5.    Extraordinary Loss from Early Extinguishment of Debt

      During the 26 weeks ended June 30, 1996, the Company refinanced its
      indebtedness under a prior credit facility with borrowings under a new
      facility with the CIT Group/Business Credit, Inc.. In connection with the
      refinancing, the Company accelerated amortization of $1,062 of certain
      fees and paid $1,160 in prepayment premium and other fees.
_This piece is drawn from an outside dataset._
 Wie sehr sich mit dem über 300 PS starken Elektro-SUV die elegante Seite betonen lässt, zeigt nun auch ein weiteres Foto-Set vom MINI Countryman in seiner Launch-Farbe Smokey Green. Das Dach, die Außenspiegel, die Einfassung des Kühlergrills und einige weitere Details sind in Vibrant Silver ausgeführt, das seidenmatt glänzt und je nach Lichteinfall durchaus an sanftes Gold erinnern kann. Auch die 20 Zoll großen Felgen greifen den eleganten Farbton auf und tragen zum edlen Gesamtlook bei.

Accordingly, a
      charge of $2,222 was recorded 


                                       10
<PAGE>   11
      as an extraordinary loss for the 26 weeks ended June 30, 1996. No such
      event occurred during the 26 weeks ended June 29, 1997.

6.    Net Income/(Loss)

      Net income for the 26 weeks ended June 29, 1997 increased $9,096 from a
      net loss of $3,885 for the 26 weeks ended June 30, 1996 to a net income of
      $5,211 for 26 weeks ended June 29, 1997. This improvement reflects the
      very positive sales and gross profit results achieved during the 26 weeks
      ended June 29, 1997.

7.    Earnings Before Interest, Taxes, Depreciation, and Amortization ("EBITDA")

      EBITDA increased 62.1% (or $5,601) from $9,025 for the 26 weeks ended June
      30, 1996 to $14,626 for the 26 weeks ended June 29, 1997. Increased same
      store sales, gross margin and operating efficiencies were the primary
      factors contributing to the significant improvement.
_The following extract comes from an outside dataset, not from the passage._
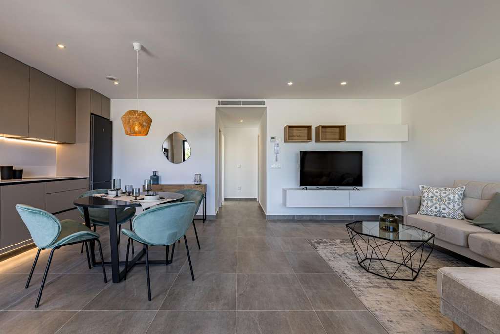 RESIDENCIAL DE OBRA NUEVA DE APARTAMENTOS BUNGALOW EN PILAR DE LA HORADADA Obra Nueva un exclusivo residencial compuesto por 22 apartamentos bungalow de primera calidad con acabados PORCELANOSA en Pilar de la Horadada. Modernos bungalows de 2 dormitorios, 2 baños, cocina americana con salón, armarios empotrados. Las viviendas de planta baja disponen de un amplio jardín acabado en césped artificial y en la planta superior disfrutará del sol todo el año en la terraza y solarium, así como de la zona comunitaria con piscina y una cómoda plaza de aparcamiento. Pilar de la Horadada es un típico pueblo español en la parte más meridional de la Costa Blanca. La gran calle principal tiene supermercados, muchas tiendas, restaurantes y bares y algunas plazas encantadoras. Las hermosas playas de Torre de la Horadada y Mil Palmeras con paseo marítimo de arena fina está a sólo 5 minutos. Los aeropuertos de Corvera (Murcia) y Alicante están respectivamente a 40 y 55 minutos.

LIQUIDITY AND CAPITAL RESOURCES

      The Company has a credit agreement with The CIT Group/Business Credit,
Inc. (the "CIT Credit Agreement"), which provides the Company with a three-year,
non-amortizing, $100,000 revolving debt facility (the "CIT Facility"). The CIT
Facility bears interest at a rate of LIBOR plus 2.5%, or the Chemical Bank prime
lending rate plus .75%, is secured by trade accounts receivable, merchandise
inventories and general intangible assets (as defined) of the Company, and has a
borrowing limit, including advances, outstanding letters of credit and
unreimbursed drawings under letters of credit at any time equal to the lesser of
$100,000 and the Borrowing Base. The Borrowing Base is equal to 65% of the
aggregate value of Eligible Inventory (as defined) from time to time. As of June
29, 1997, the Company maintained eligible inventory of $142,628 with an
aggregate balance of $59,113 outstanding under the CIT facility. This balance
compares to an aggregate balance of $63,456 outstanding on June 30, 1996. The
Company is in compliance with all of the covenants under the CIT Credit
Agreement.

      As of June 29, 1997, the Company maintained a cash and cash equivalents
balance of $3,715 versus a balance of $1,062 at June 30, 1996.
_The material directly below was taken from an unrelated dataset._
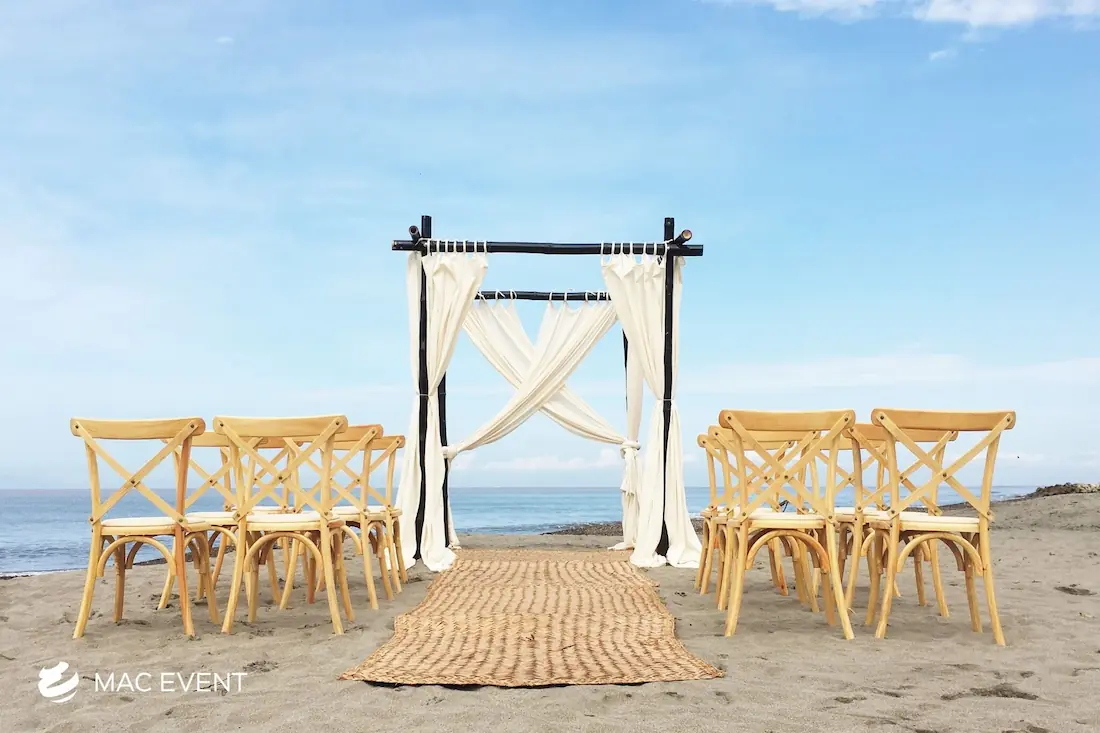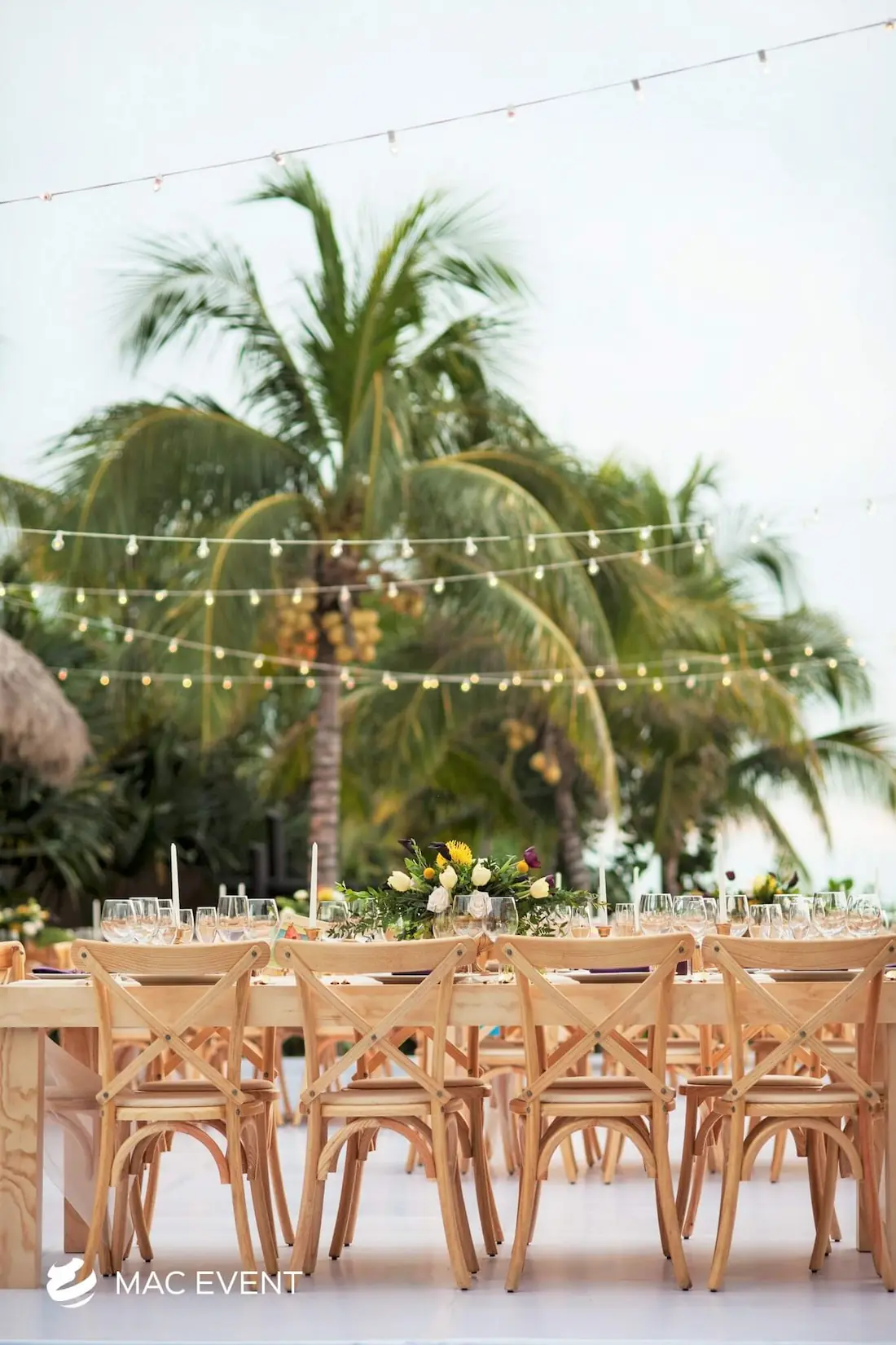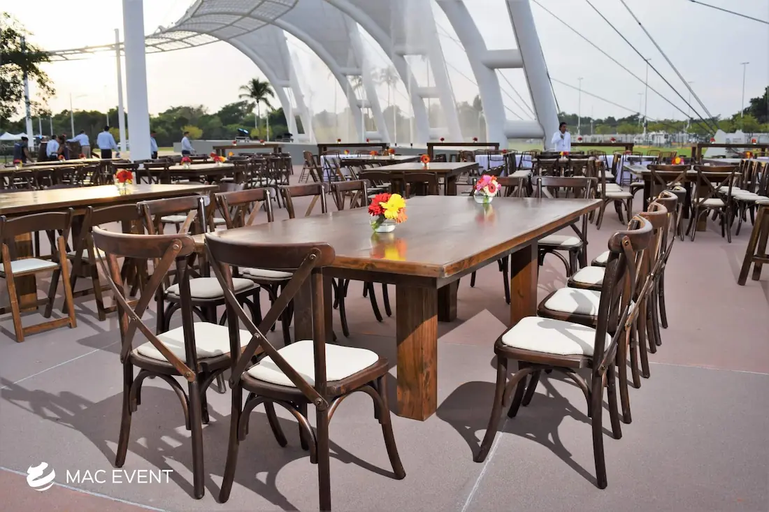 The cross back chair, also known as a x-back chair or farmhouse chair, is a timeless favorite for weddings, private parties, and elegant events in Manzanillo. Its rustic yet refined design blends perfectly with beach, garden, or boho-inspired settings, adding charm and character to any venue. Crafted from sturdy wood with a curved back for comfort, this cross back chair rental offers both beauty and practicality. Renting x-back chairs ensures a coordinated look that enhances your décor while keeping guests comfortable throughout the celebration. For a natural and sophisticated atmosphere, cross back chairs are the perfect choice for any event in Manzanillo.

      Net cash used in operating activities was $8,192 for the 26 weeks ended
June 29, 1997 versus cash provided of $145 for the 26 weeks ended June 30, 1996.
The primary factor in the increase in cash requirements for this year's period
was increased inventory purchases as the Company normalized its inventory
purchasing after a planned program which resulted in reduced inventory purchases
in prior year periods. Net cash used in investing activities of $2,003 during
the 1997 period compared to net cash provided by investing activities of $4,002
for the 26 weeks ended June 30, 1996. Last year's cash flow benefitted from the
positive impact of $4,990 in net proceeds from the sale/leaseback of the
Company's Fontana distribution center. The cumulative effect of net cash used in
operating activities and net cash provided by investing activities resulted in
net cash required from financing activities of $9,113 for the 26 weeks ended
June 29, 1997 versus net cash repayments related to financing activities of
$6,283 for the 26 weeks ended June 30, 1996, and a decrease in cash and cash
equivalents of $1,082 versus $2,136 for the comparable 26 week periods in 1997
and 1996, respectively.

      The Company believes that net cash provided by operating activities and
borrowings under the CIT Facility will be sufficient to fund anticipated capital
expenditures and working capital requirements for the foreseeable future.


                                       11
<PAGE>   12
IMPACT OF INFLATION

      Although the operations of the Company are influenced by general economic
conditions, the Company does not believe that inflation has had a material
effect on its results of operations during the 26 weeks ended June 29, 1997.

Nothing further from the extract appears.